WORK ITEM: In the listing below, find the line containing "Researchers investigate a" and the line containing "[금요저널] 포천시 정신건강복지센터는", then copy exactly everything from the first through the second, except the pictures.

RECORDS SHOWN:
━━━━━━━━━━━━━━━━

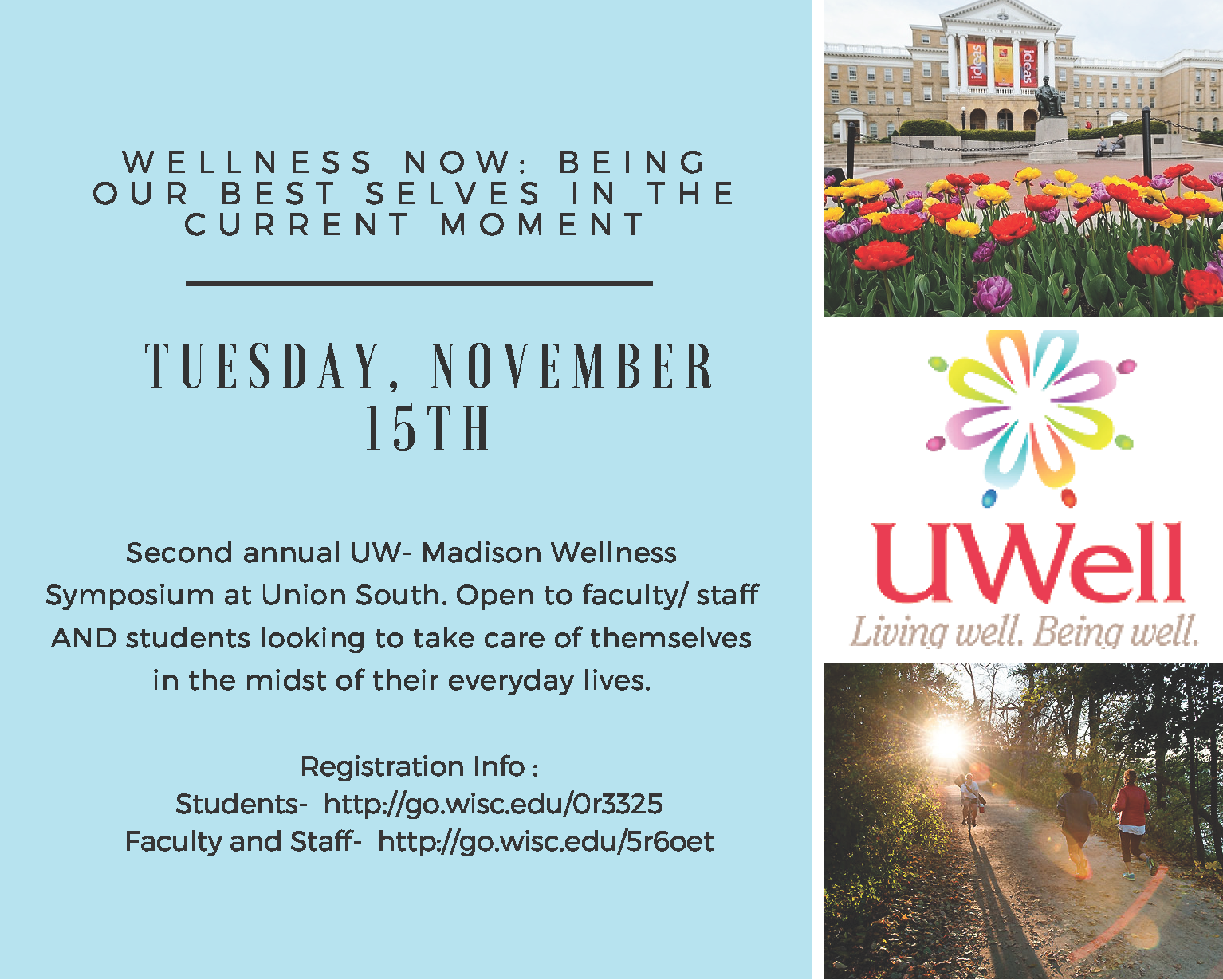Faculty and staff are encouraged to attend the second annual UW-Madison Wellness Symposium on Tues., Nov. 15 at Union South. The registration fee for faculty and staff is $20.
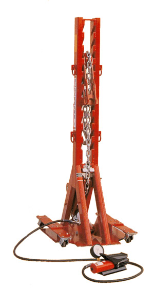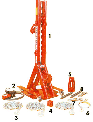 Это силовые башни, специально предназначенные для вытягивания кабин на стапеле Cab Bench. Цилиндр имеет 2 скорости натяжения, а сила тяги варьируется от 7,5 до 30 тонн (при помощи системы полиспаста). Высота натяжения – до 4,3 м, при этом сила тяги остаётся одинаковой. Возможно применение 2 башен одновременно. Они могут свободно перекатываться вокруг стапеля. При вытягивании башни не крепятся непосредственно к полу, а удерживаются от падения цепью с противоположной стороны. Башни могут доукомплекто-вываться дополнительными захватами для вытягивания, цепями, шкивами для вертикальной тяги, удлинителями и т.д.
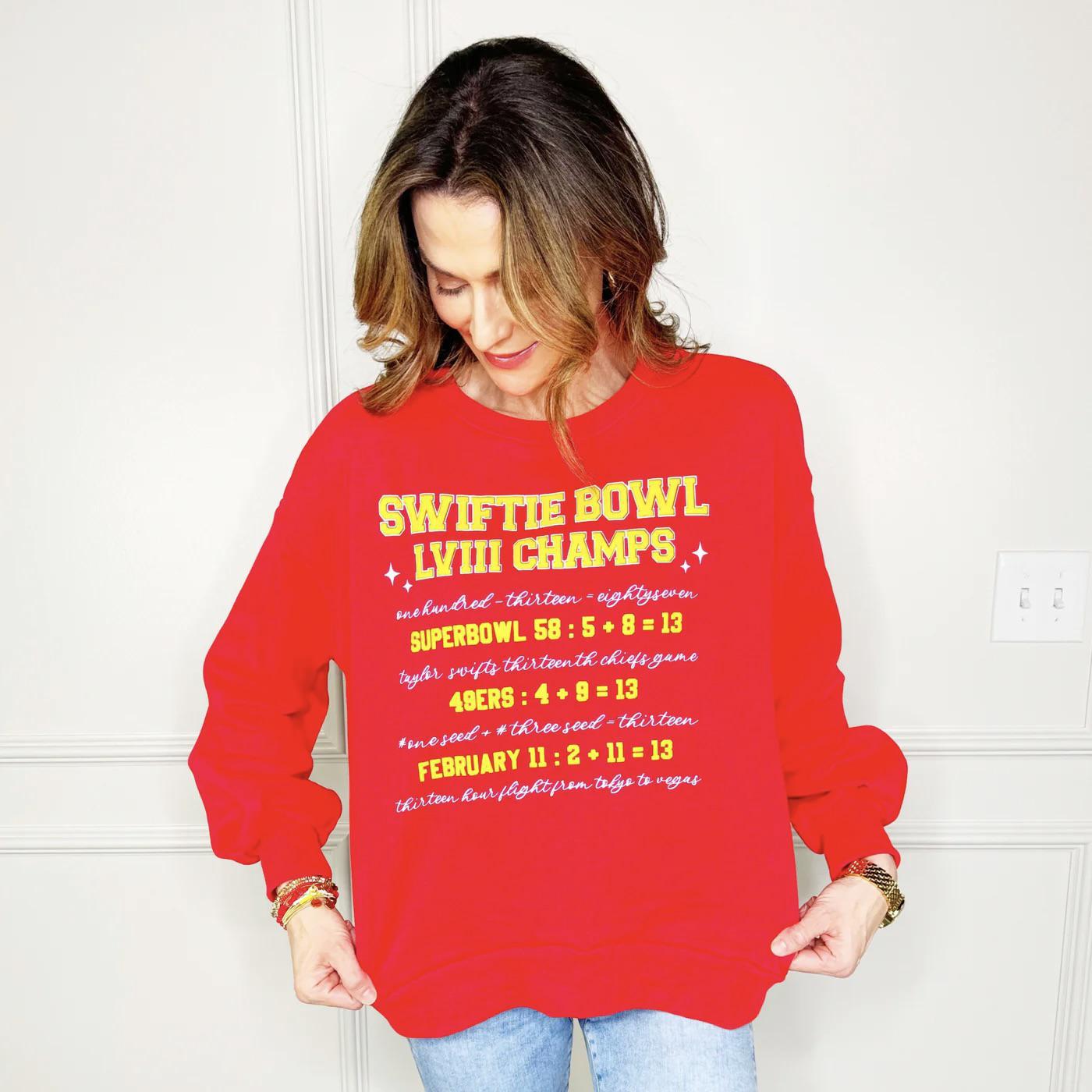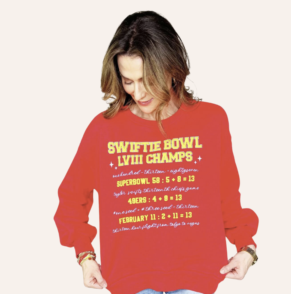 Get ready to celebrate like a true super fan with the Swiftie Bowl 13 P&P Sweatshirt! Show off your love for the Chiefs and their recent Super Bowl victory in this quirky and playful sweatshirt. Guaranteed to make a statement wherever you go. Game on!
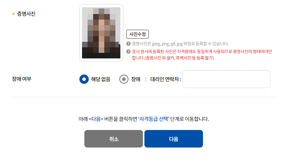 아침 9시에 접속하니 접속자가 많아 12시까지는 지연이 있었는데 지금은 원활하게 접속이 됩니다. 아래 필기시험 접수 신청 화면으로 가시면 회원 가입시 입력한 정보가 나타나고, 증명사진 등록이 필요합니다.
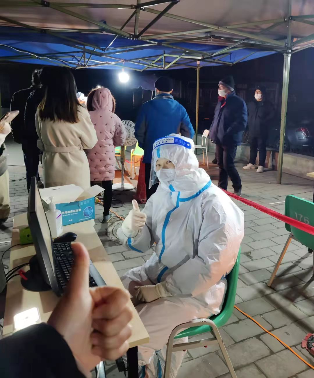 認(rèn)真聽取社區(qū)干部講解和演示三遍,反復(fù)問了十余個問題,四位女孩子沉著的與三名采集拭子醫(yī)護人員擺開陣勢、拉開小區(qū)新一輪核酸采集的前線。
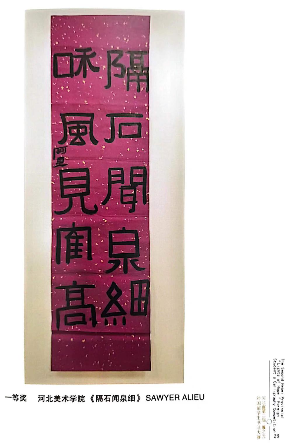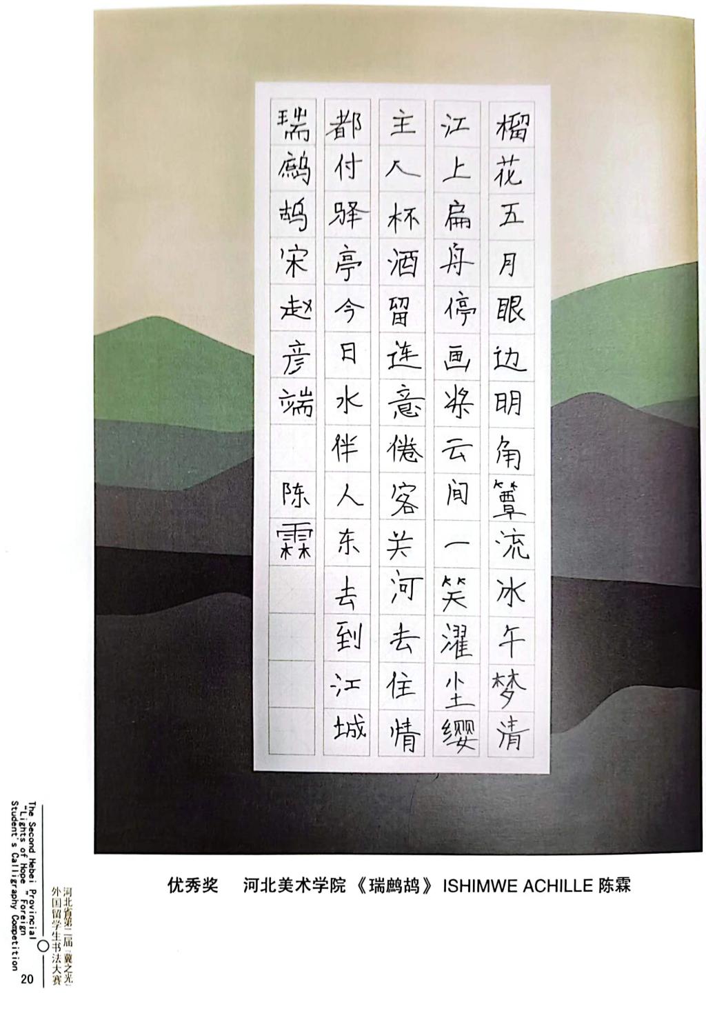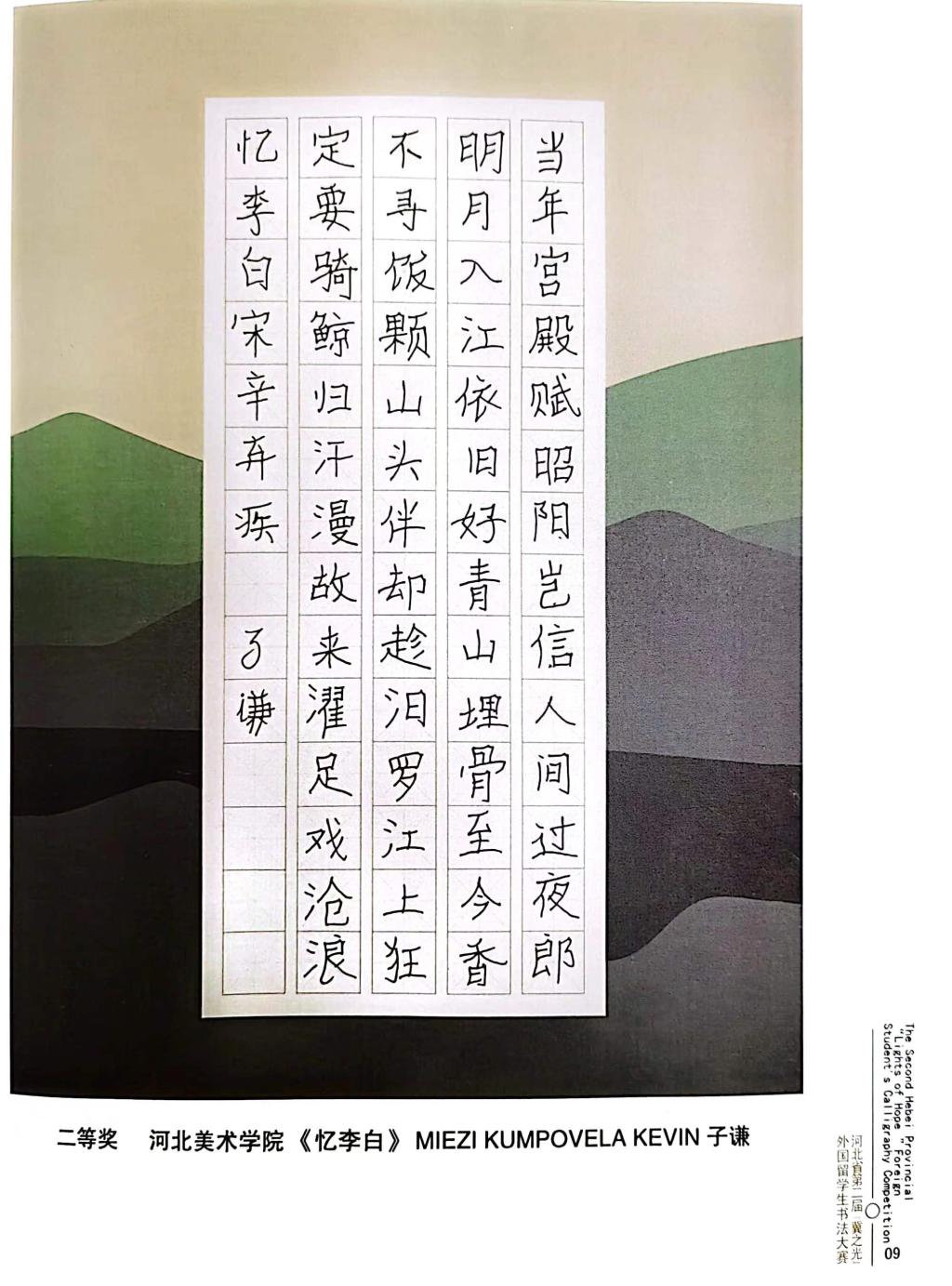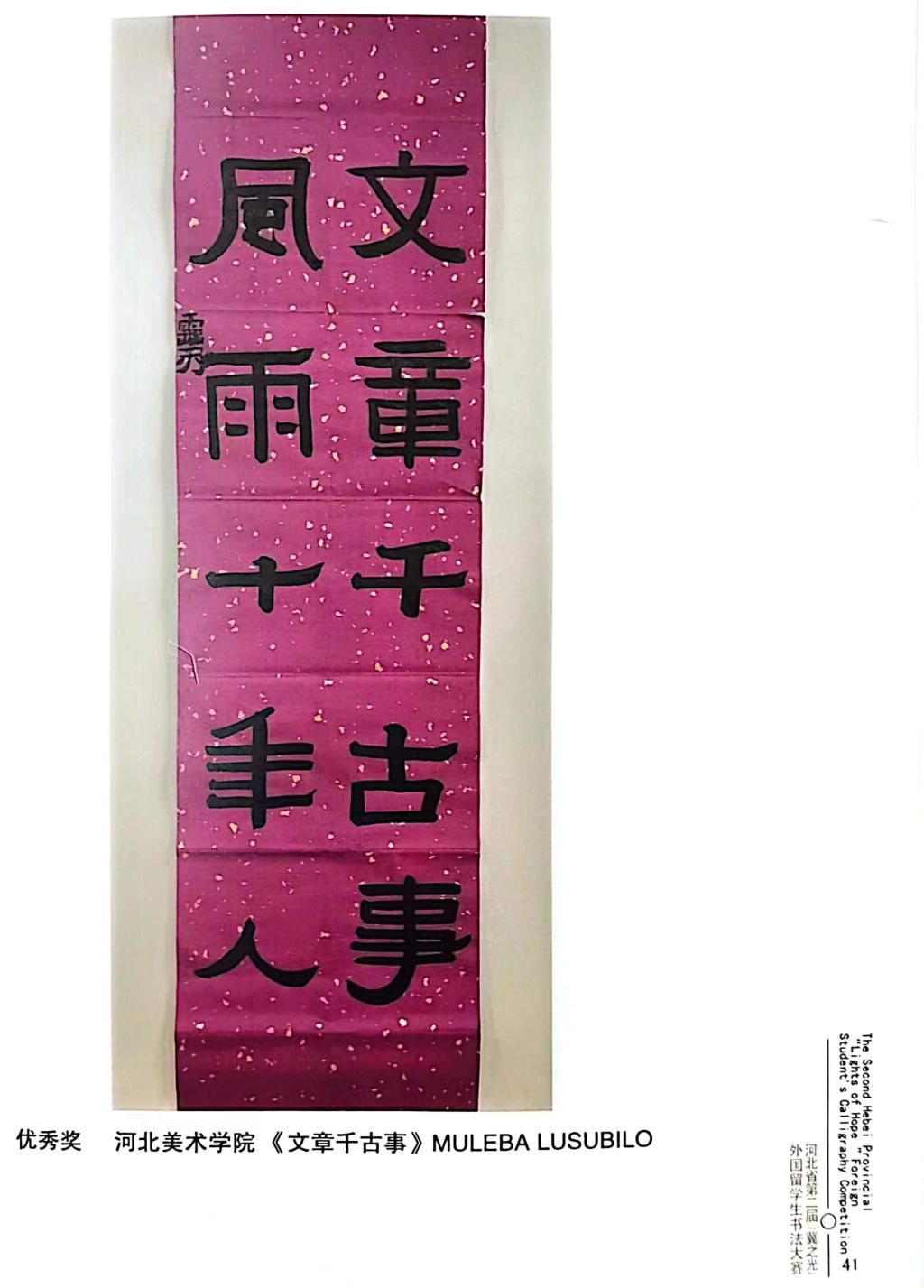 近日,由河北省教育厅主办,河北省教育宣传中心承办,河北经贸大学协办的河北省第二届“冀之光”外国留学生书法大赛获奖作品装订出版。beat365留学生分别获得一等奖1个,二等奖1个,三等奖2个,优秀奖4个。
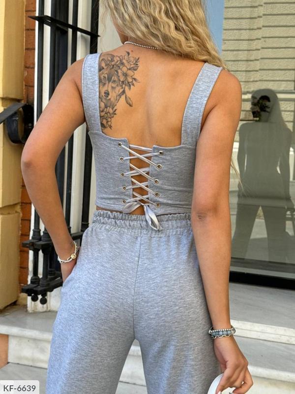 Спортивний костюм Розміри: 42-44, 44-46 Тканина: двухнитка Колір: меланж, білий, рожевий, чорний Класний спортивний костюм трійка у високій якості. Худі oversize, вкорочене, топ з декоративними рядками, розмір регулюється затягуванням на спинці, штани на резинці, є кишені. Виглядає дуже стильно і цікаво. - худий ОГ 124 см Довжина рукава від шиї 75 см Довжина по спинці 37 см -топ ОГ 72-84 / 76-88 см Висота по боці 17 см - штани ОТ 62-74 / 66-80 см ОС 98/102 см Довжина по боці 97 см Довжина крок / шва 70 см
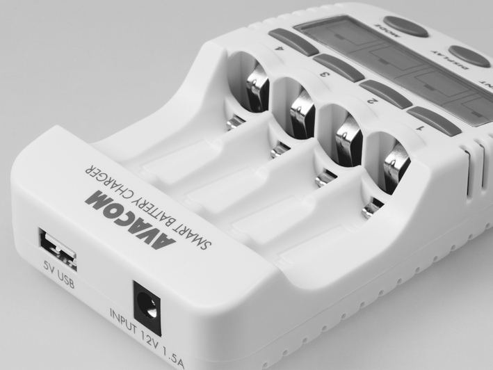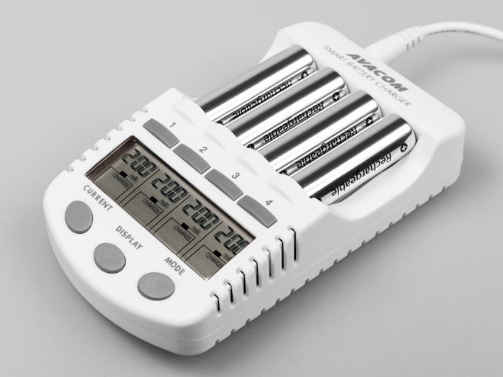 Inteligentní čtyřkanálová nabíječka tužkových AA a mikrotužkových AAA baterií. Nabíjí Ni-MH a Ni-Cd baterie. Nabíjecí proud 200, 500, 700, a 1000mA.
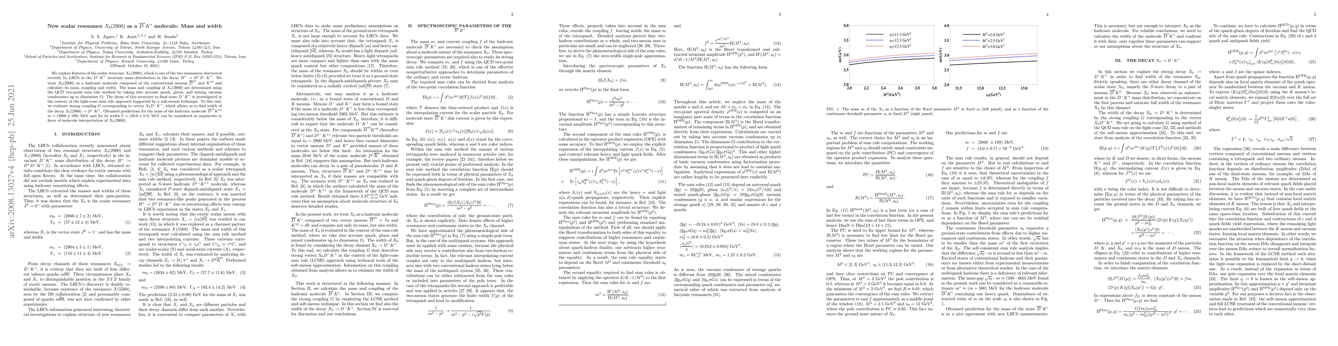 Researchers investigate a new particle, X0(2900), as a hadronic molecule composed of D*0 and K*0 mesons, calculating its mass, width, and coupling, which supports the molecule interpretation.
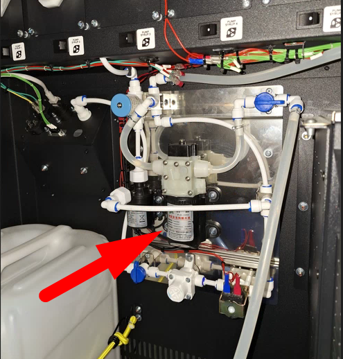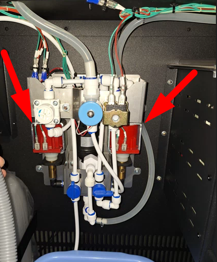 Depending on the date of manufacture, the machine can be equipped with two configurations of water supply - with ULKA, or 24V pumps. The steps for preparing the water supply are the same for both configurations, the difference lies in the selection of the appropriate pump and its water supply level in the service menu.
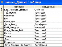 полей. Поле Код_Личные_Данные имеет тип счетчик и предназначен для нумерации
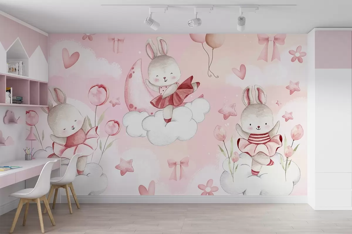 Murais de parede Coelhos com vestidos de ballet cor-de-rosa nas nuvens Nr. w04333
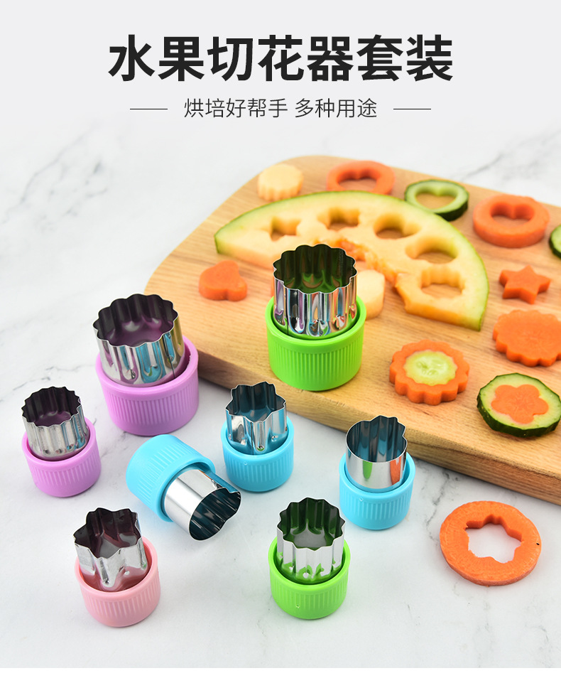 Stainless Steel Fruit Cutter Eming Mold Small Wonton Biscuit Mold Vegetable Cutter Flower Ware Farfalle Tools 8-Piece Set
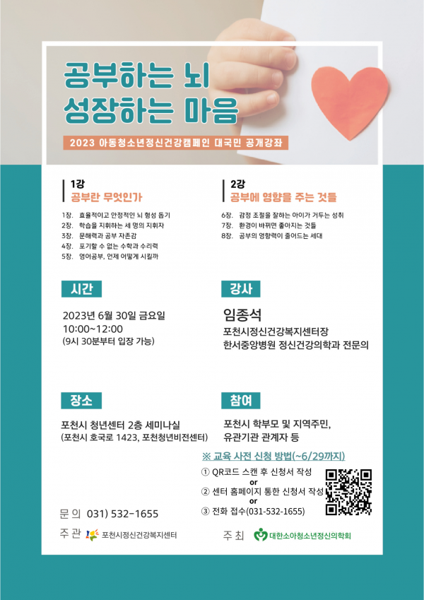 [금요저널] 포천시 정신건강복지센터는 ‘공부하는 뇌, 성장하는 마음’이라는 주제로 2023년도 아동 청소년 정신건강 캠페인 대국민 공개강좌를 오는 6월 30일 오전 10시에 포천시 청년센터 세미나실에서 개최한다.
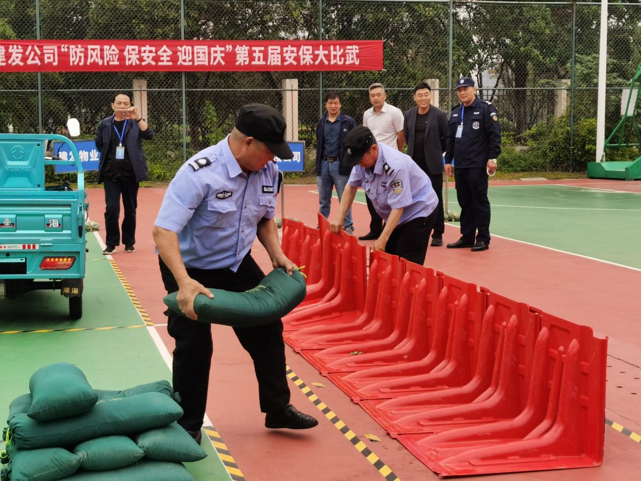 為進(jìn)一步提升公司安保人員業(yè)務(wù)素質(zhì)和服務(wù)水平,展現(xiàn)安保隊(duì)伍良好形象,提高團(tuán)隊(duì)凝聚力和戰(zhàn)斗力,9月23日上午,建發(fā)公司在園區(qū)公舍舉辦第五屆“防風(fēng)險(xiǎn) 保安全 迎國(guó)慶”安保大比武活動(dòng)。城發(fā)公司董事長(zhǎng)、建發(fā)公司執(zhí)行董事陳非出席本次活動(dòng)。

━━━━━━━━━━━━━━━━

RESULT FOR THIS TASK:
 Researchers investigate a new particle, X0(2900), as a hadronic molecule composed of D*0 and K*0 mesons, calculating its mass, width, and coupling, which supports the molecule interpretation.
 Depending on the date of manufacture, the machine can be equipped with two configurations of water supply - with ULKA, or 24V pumps. The steps for preparing the water supply are the same for both configurations, the difference lies in the selection of the appropriate pump and its water supply level in the service menu.
 полей. Поле Код_Личные_Данные имеет тип счетчик и предназначен для нумерации
 Murais de parede Coelhos com vestidos de ballet cor-de-rosa nas nuvens Nr. w04333
 Stainless Steel Fruit Cutter Eming Mold Small Wonton Biscuit Mold Vegetable Cutter Flower Ware Farfalle Tools 8-Piece Set
 [금요저널] 포천시 정신건강복지센터는 ‘공부하는 뇌, 성장하는 마음’이라는 주제로 2023년도 아동 청소년 정신건강 캠페인 대국민 공개강좌를 오는 6월 30일 오전 10시에 포천시 청년센터 세미나실에서 개최한다.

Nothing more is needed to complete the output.